Once the line holding "カンサイヤマモトオム ポロシャツ トップス" is found in the listing below, write it out and each later line exactly, up to and including the one holding "Разного рода кабели".
___ Data for the task
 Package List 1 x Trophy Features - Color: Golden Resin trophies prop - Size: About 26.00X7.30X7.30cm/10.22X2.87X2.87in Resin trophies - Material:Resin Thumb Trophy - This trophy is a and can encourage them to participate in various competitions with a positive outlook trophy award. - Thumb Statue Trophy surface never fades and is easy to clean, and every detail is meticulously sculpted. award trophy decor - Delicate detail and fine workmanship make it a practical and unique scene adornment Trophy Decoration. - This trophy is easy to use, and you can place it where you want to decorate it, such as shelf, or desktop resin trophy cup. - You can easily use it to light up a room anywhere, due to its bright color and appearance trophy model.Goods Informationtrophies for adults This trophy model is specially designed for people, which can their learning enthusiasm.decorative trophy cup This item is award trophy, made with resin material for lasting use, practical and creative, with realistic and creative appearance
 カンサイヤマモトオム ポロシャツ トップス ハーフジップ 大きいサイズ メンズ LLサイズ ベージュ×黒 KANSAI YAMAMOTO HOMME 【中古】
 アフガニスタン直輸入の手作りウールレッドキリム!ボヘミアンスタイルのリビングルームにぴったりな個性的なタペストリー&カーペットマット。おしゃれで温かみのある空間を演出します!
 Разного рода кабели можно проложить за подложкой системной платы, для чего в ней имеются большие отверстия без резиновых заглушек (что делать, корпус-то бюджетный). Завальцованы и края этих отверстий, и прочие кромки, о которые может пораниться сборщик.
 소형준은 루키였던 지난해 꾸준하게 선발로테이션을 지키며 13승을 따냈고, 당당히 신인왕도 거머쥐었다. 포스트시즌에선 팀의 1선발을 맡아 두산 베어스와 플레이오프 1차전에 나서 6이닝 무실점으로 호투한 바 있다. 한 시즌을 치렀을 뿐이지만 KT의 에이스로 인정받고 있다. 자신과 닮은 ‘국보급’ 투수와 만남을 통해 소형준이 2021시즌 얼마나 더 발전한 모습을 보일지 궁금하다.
______
Task result —
 カンサイヤマモトオム ポロシャツ トップス ハーフジップ 大きいサイズ メンズ LLサイズ ベージュ×黒 KANSAI YAMAMOTO HOMME 【中古】
 アフガニスタン直輸入の手作りウールレッドキリム!ボヘミアンスタイルのリビングルームにぴったりな個性的なタペストリー&カーペットマット。おしゃれで温かみのある空間を演出します!
 Разного рода кабели можно проложить за подложкой системной платы, для чего в ней имеются большие отверстия без резиновых заглушек (что делать, корпус-то бюджетный). Завальцованы и края этих отверстий, и прочие кромки, о которые может пораниться сборщик.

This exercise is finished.